Shared Moments

IMG_5576My spouse is getting ready to leave for work. He stops a moment to listen to me read a poem. I make it through almost to the end of it before my voice breaks, and I have a hard time reading because I am so moved by the words.  My spouse understands and agrees with me that the poem is quite moving. He shares my respect for this poet.  A tender moment, a we moment — one of the many gifts of a shared, committed relationship.

How different from those moments when we, the same two people, seem to live in totally different worlds, when nothing the other says makes any sense at all.  But these too can be shared moments.  For in these times, we are two beings trying to work through a disconnection to a reconnection.  

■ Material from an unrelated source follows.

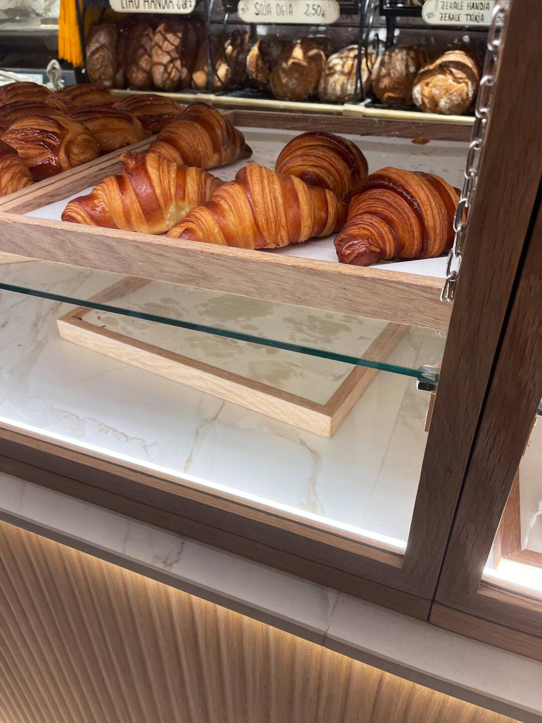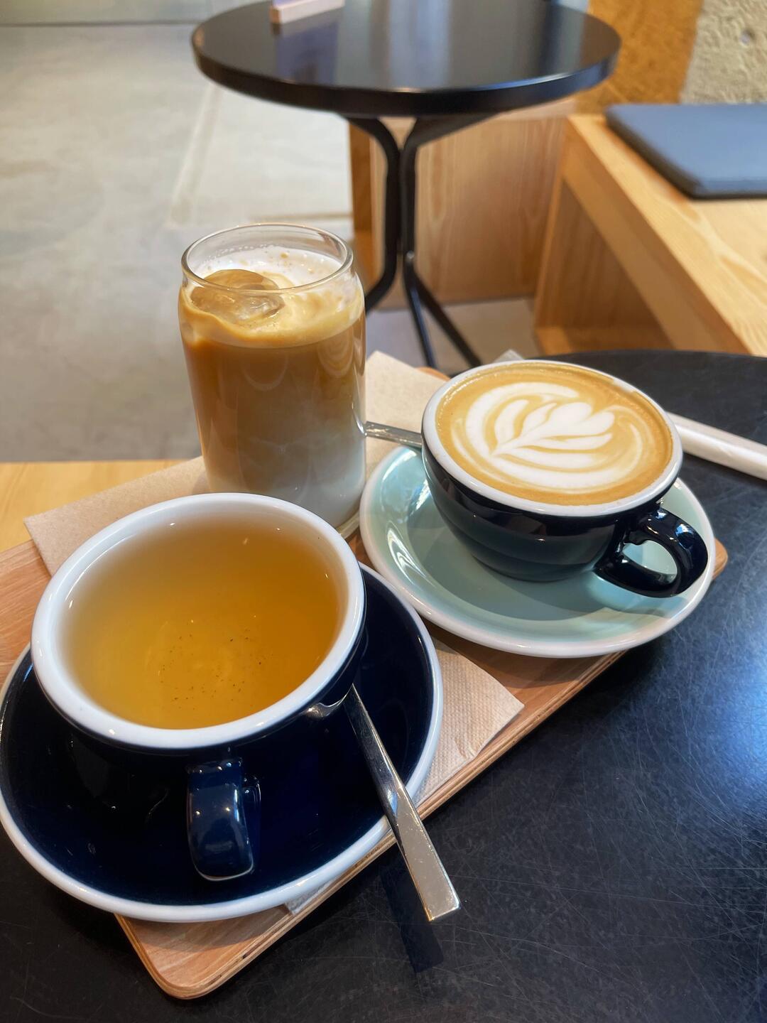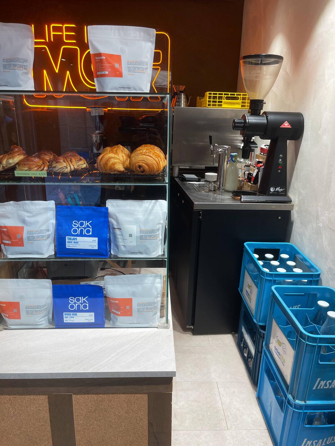 Tortilla with egg and caramelized onions. Cappuccino. Ham on baguette. Tuna salad sandwich with pickled peppers on baguette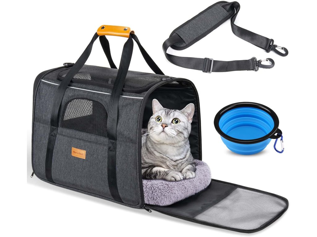 Praktická a přenosná: S rozměry 44 x 31 x 34 cm je tato taška doporučena pro domácí mazlíčky do 6,8 kg (15 lbs). Před nákupem prosím změřte svého mazlíčka a ponechte mu dostatek prostoru pro pohodlí. Součástí balení je také skládací modrá miska a měkký polštářek pro extra komfort.

Sure, I may be trying to push my agenda or shove my perceptions down his throat, but could it be that my goal is to get to a place of agreement, a reconnection?  Perhaps this seems to be a twisted approach; however, deep down I want  him to agree with me so we can reconnect and share the moment.  This longing to reconnect in the face of disagreements can be quite painful.  We long to be connected.   If it weren’t so important that we reconnect with each other, maybe we wouldn’t try so hard to “sell” the other on our particular viewpoints. Maybe if I remember the real goal in these moments of heated debate, my approach will change.  Underneath the seemingly separate desires is a common goal –two people seeking to agree, seeking to reconnect.  If I can move my thinking to that place, the right words and actions will follow.

Today I will see through the eyes of shared goals.